L'air était en paix ce matin là, la lumière douce et apaisante venait essuyer les larmes de rosée sur les toiles d'araignée. Le vieux moine inspira, expira en appréciant l'instant présent. Silencieusement et avec respect le jeune disciple vint se placer derrière son maître. Cela faisait quelques temps que le jeune homme était confronté au doute. Il ne comprenait pas pourquoi malgré tous ses efforts il progressait si peu, pourquoi il avait le sentiment que rien ne valait la peine, voir qu'il perdait son temps.
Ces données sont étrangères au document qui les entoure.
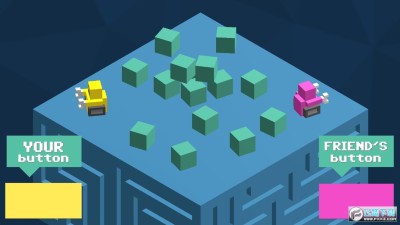 1、支持双人同屏竞技。游戏玩法是简单上手的大乱斗模式,玩家不停地按键来推动对手;
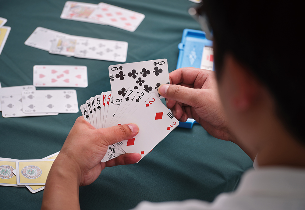 Bridge is a card game in which two teams of two participate. First, you sit across from your partner at a square table. The teams are called North-South and East-West. The 52 trump cards (minus the joker) are divided into sets of 13. Bridge uses letter cards (A, K, Q, J) and number cards (10 to 2). A is the strongest while 2 is the weakest. The game starts with a “trick” in which each player puts out one card. The person who plays the most powerful card wins the trick. The player who won the trick places the cards in front of them vertically while the players that lost places the cards horizontally. You win the game if your team has more vertical cards than the opposing team. The entire process takes place without any words or gestures.
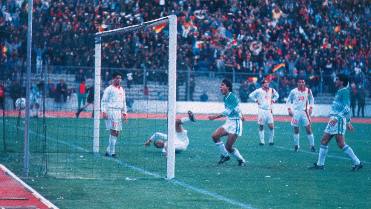 1993, la mejor Eliminatoria jugada por Bolivia en su historia, clasificación incluida. En la imagen el partido Bolivia 2 Brasil 0, Etcheverry va rumbo al gol histórico que rompió 40 años de invicto brasileño en las Eliminatorias. Esta selección obtuvo el 100% de los puntos como local.
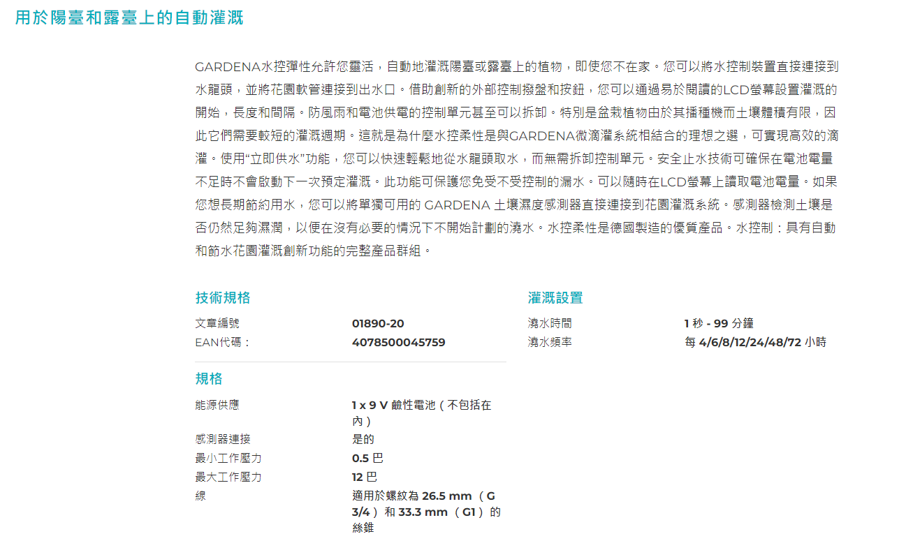"GARDENA" 德國智能控制器Flex 1s-99min灌溉時長(1x9V鹼性電池)(2個/盒)-[1890]
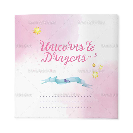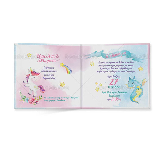 Προσκλητήριο σκληρό καπάκι, παραμυθάκι μικρό, εκτυπωμένο με θέμα το μονόκερο και το δράκο

Le vieux moine, le regard droit, était assis, calme...
- Maître, malgré tous mes efforts, je doute ...
Le vieil homme se leva, sans un mot, et se dirigea vers une bâtisse près du monastère, le jeune disciple suivit.
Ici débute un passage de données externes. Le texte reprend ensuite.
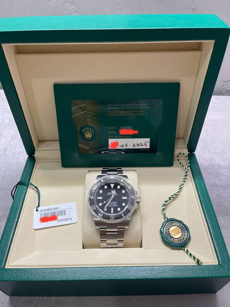 Пол: мужские Год покупки: 2025 Новые часы, состояние: N- (новые) http://forum.watch.ru/images/market-question.png Цена: 1 100 000 руб. (продажа) Коробка: есть Документы: есть Абсолютно новые (май 2025) со всеми документами. Тех. характеристики Rolex Submariner: - Артикул: 124060-0001 - Диаметр: 41мм - Стекло: Сапфир - Корпус: Oystersteel - Браслет: Oystersteel с функцией расширения - Калибр: Мануфактурный 3230 (хронометр, запас хода 70 часов) - Водозашита: 300м, завинчивающаяся заводная головка - Гарантия: от производителя 5 лет с даты покупки Вложение 3895761 Вложение 3895762 Вложение 3895763 Вложение 3895764 Вложение 3895765 |
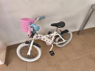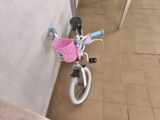 Bicicleta de paseo para niñ@s, con un llamativo color rosa. - Sillín acolchado. - Manillar con puños rojos. - Rueda trasera de color morado. Se ha usado muy poco, necesitaria una revisión pero está muy bien.

Arrivé devant le bâtiment, un homme s'entrainait au tir à l'arc.
Le vieux moine s'assit, derrière lui le jeune disciple en fit de même. Le regard du maître englobait l'archer dans sa totalité...
- Qu’observes-tu ?...
- Je vois un homme qui s'entraine à l'arc...
- Que remarques-tu ?...
- Rien de spécial, il essaye d'atteindre la cible...
- Que fait-il pour ça ?...
- Il vise !...
- Pas seulement, vois tu, il doit d'abord tendre l'arc, ensuite tu as raison il doit viser...
- Je sais tout cela...
- Ce n'est pas tout, une chose est primordiale...
- Quoi donc ?...
- Il doit lâcher la flèche...
- Lâcher la flèche !! Mais c'est normal!...
- Oui c'est normal comme tu dis, ça coule de source dit le vieux moine en souriant. Pourtant combien d'entre nous oublions de lâcher notre flèche pour atteindre notre but ?...
- Je ne comprends pas tout...
- Le fait de tendre l'arc peut être rapproché de l'énergie, il en faut pour réussir à le tendre, le fait de viser peut être rapproché de l'intelligence et enfin lâcher la flèche peut être rapprocher du lâcher prise. Si nous mettons trop d'énergie à tendre l'arc nous risquons de casser l'arc, pas assez et la flèche n'atteindra pas son but. Si tu vises trop longtemps nous allons nous fatiguer et perdre beaucoup d'énergie...
- Pourtant certains y arrivent...
- Oui mais à quel prix ?
- Lâcher sa flèche demande d'avoir confiance, confiance en soi, en la vie. Celui qui doute a peu de chance d'atteindre son but et s'il y parvient ce sera avec beaucoup d'effort et de temps...
- Vous voulez dire que je mettrai très longtemps à atteindre mon but...
Le vieux moine sourit, un sourire de compassion
- Souviens toi le monde est ce que je pense de lui...
Le jeune moine garda le silence...
- Nous perdons de l'énergie à nous juger ou à juger les autres, juger divise. Si l'homme juge la femme et la femme l'homme il s'en suivra une division, pourtant lorsque l'homme et la femme éprouvent de l'amour l'un pour l'autre ils ne font qu'un et de cette unité jaillit une énergie inimaginable, la vie...
Le jeune disciple se dirigea vers l'homme qui s'entrainait, celui ci lui donna son arc, le jeune moine regarda la cible, tendit l'arc, visa, ferma les yeux et lâcha prise, la flèche atteint la cible...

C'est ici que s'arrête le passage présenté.